Of course, it's difficult if not impossible to disentangle the genuinely religious people from those frauds who don't believe a word of it but have discovered a lucrative market to exploit, an endless supply of vulnerable people to abuse or a route to power and privilege, by posing as a devoutly pious Christian or Muslim. Religions which are dependent on the credulous gullibility of their followers will be prey to any charlatan who learns to exploit that credulous gullibility, hence the very many parasitic frauds living off the religiously simple.

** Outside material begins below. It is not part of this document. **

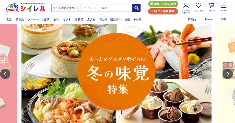 シイレルは食品専門のB2B型卸売サイトで、ドロップシッピングにも対応しているため、大量の食品を無在庫販売することが可能です。

The important thing about this study is that it seems to demonstrate that teaching children to do the right thing simply because it's the right thing to do, is significantly more effective than telling them to do the right thing in case they get caught. A child's conscience is a more effective agent of behavioural control than authority. The former inculcates empathy and a sense of moral obligation to others; the latter simply reinforces selfishness and teaches children to avoid detection or look for excuses to ignore others and be self-serving; to try to get away with whatever they think they can get away with.

It also reinforces the results of a recent survey in the UK where, after a generation with high exposure to an increasing number of Atheists, Atheists are now regarded by a majority of people as more likely to be more trustworthy and humanitarian than religious people, even by a large number of religious people.

This latest finding is a complete reverse of the stereotype (maybe a stereotype more typical of the USA than the UK) of a good religious upbringing producing good moral individuals. In fact, it achieves exactly the opposite and could explain the marked difference between the high levels of crime and violence in highly religious societies and the low levels of crime and relative peace in societies with a high level of Atheism and low religiosity.

Contrast the USA with the highest per capita prison population in the developed world and the highest level of Christian fundamentalism with Sweden with one of the highest levels of Atheism and the lowest per capita crime rate at less than half the European average, for example.